Ed gave it to her. She didn't even have to fight for it.
"You know I would have done exactly the same thing in your shoes," she said, her eyes narrowing as she added, "right?" When he didn't challenge her she pressed on, holding his gaze the entire time, her hand still on his arm, her fingers closing around him a little more with every passing second. "And you can bet your ass that every single commanding officer in the whole Fleet would have done the same as well." Her hand was closed around his arm fully then and Ed wondered when she had stepped closer, shrinking that gap between them. "Marcos himself would have made the same choice in your shoes and if he was here now he wouldn't blame you for what happened. Not for a single second."
"But he's not here."
"No," she conceded, shaking her head a little. "No, he's not. And that sucks, and I'm sorry, and I hate that it happened. I hate it so much you wouldn't even believe it." But he would. Her thumb was moving up and down his arm softly, rhythmically, in a motion that subconsciously she intended to be soothing. It was an old habit, one of the many little things he remembered from their years together. "I'm sorry for all of it, Ed. You know that I am." And she was, he could see it in her eyes, he could hear it in her voice, he could see it in every inch of her body as she stood in front of him. Sorry wasn't a strong enough word, he didn't think. That made his chest tight for an entirely different reason and he had to fight not to drop or avert his gaze from hers.
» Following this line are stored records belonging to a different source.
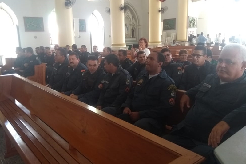 Logo após a missa, foi realizada uma formatura com a participação dos policiais militares do Batalhão, oportunidade em que foi escolhido e homenageado pelo Comando da Unidade, o cabo Júnior Pereira, como Policial Militar Padrão do mês de maio.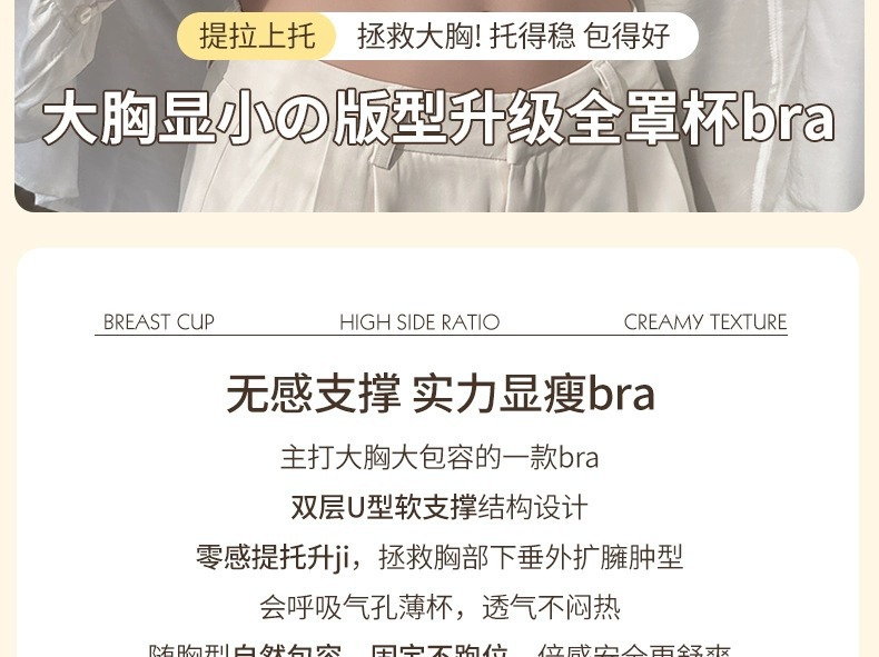 여성용 얇은 풀업 원활한 속옷, 큰 가슴, 작은, 강철 반지 없음, 유방 수집, 처짐 방지, 플러스 사이즈 브래지어스토어 가기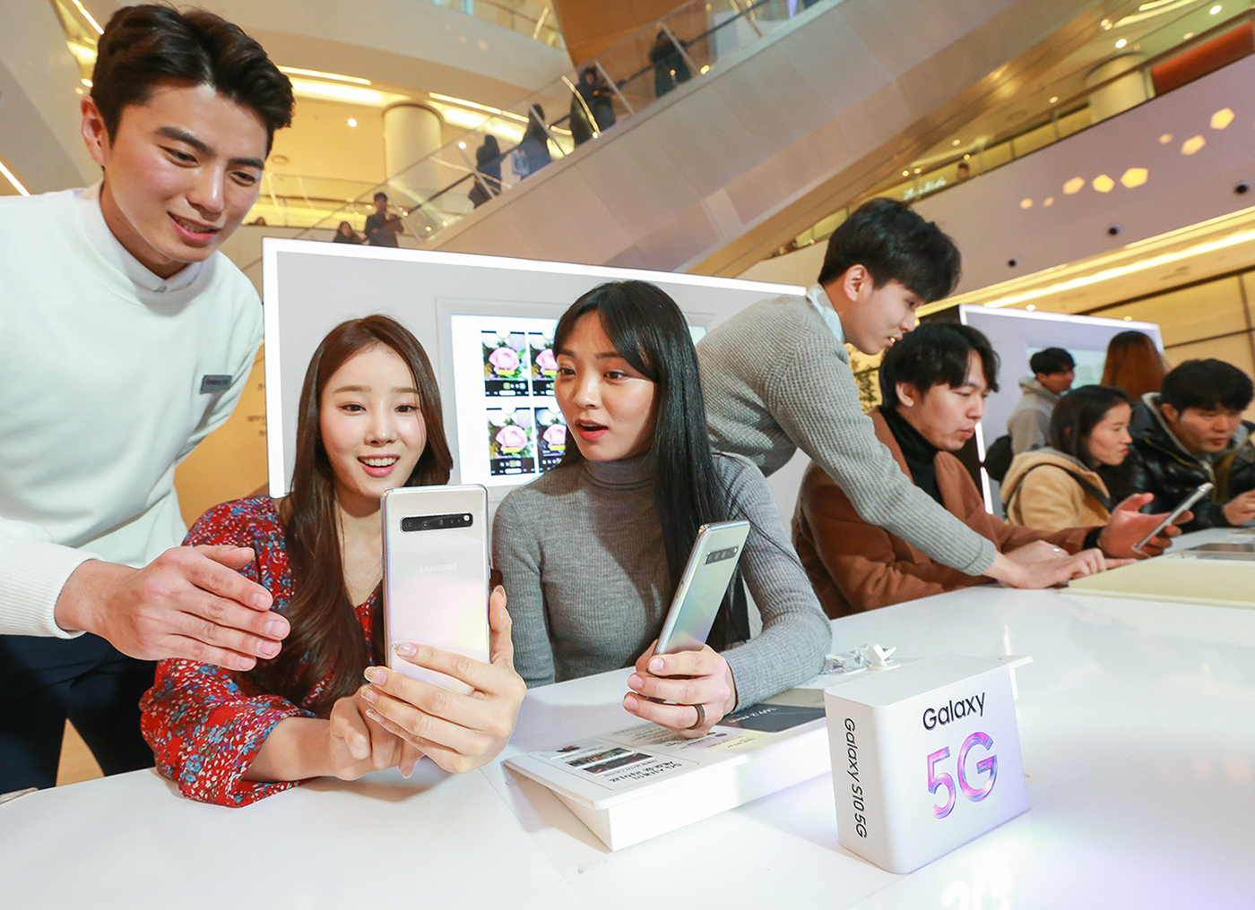 ▲ 갤럭시 스튜디오를 찾은 소비자들이 삼성전자 최초 5G 스마트폰 ‘갤럭시 S10 5G’를 체험하고 있다. 갤럭시 S10 5G 체험 공간은 타임스퀘어와 코엑스, 롯데월드몰 내에 마련된 갤럭시 스튜디오에서 만날 수 있다.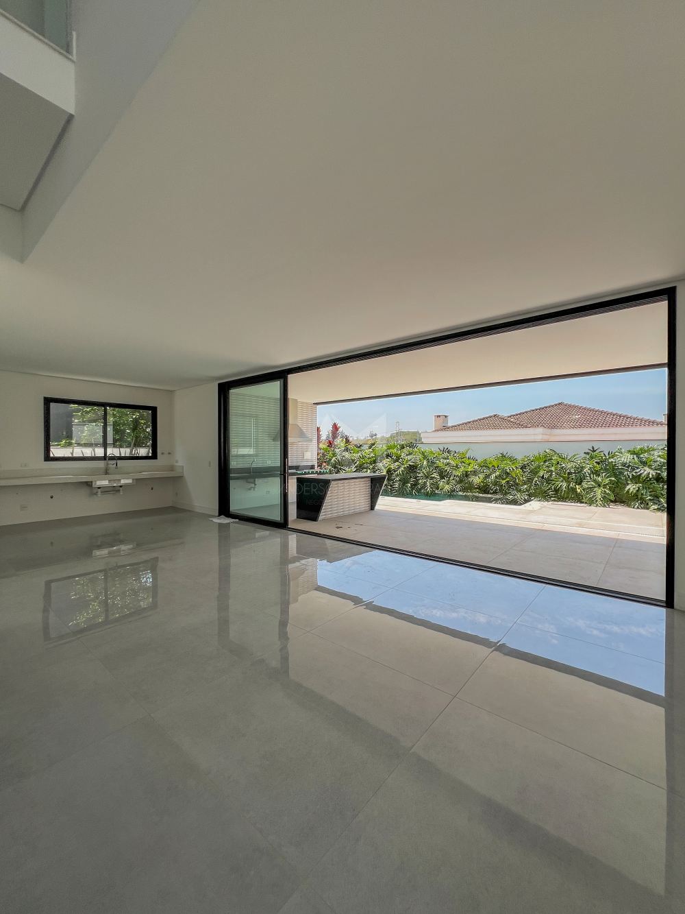 O living é espaçoso, dividido em salas de TV, estar e jantar, e se integra a uma ampla cozinha, bela área gourmet com churrasqueira a carvão e prainha com bordas em mármore.

"What happened," Kelly went on, pulling him back to her, sensing that he was on a ledge and she might lose him at any moment, "was not your fault." Her hand had moved higher up his arm. Was she even closer now? "You didn't ask to have a Kaylon on your ship when you were posted to the Orville, Ed. One ship in the whole Union Fleet with a Kaylon officer and it's your first command? The odds of that are astronomical to say the least." Normally Kelly might have smiled when she said a thing like that but it wasn't there now, it hadn't crept onto her face for so much as a second. Ed was almost sorry for that. "None of us knew he would shut down the way he did either, no one could have seen that coming."
"I didn't have to—"
It was Kelly's turn to cut him off. "Take him home?" With a small shake of her head and the faintest smile she said, quietly, "Yes you did. Ed, of course you did." Just for a moment her hand moved up, it came so close to touching his face that he thought he felt the warmth of her fingertips but it dropped at the last second, landing instead on his shoulder. "That's who you are, that's who you've always been. You weren't just going to write him off and let him collect dust in some storage container somewhere, or worse, end up in pieces in some Union lab. That's not you."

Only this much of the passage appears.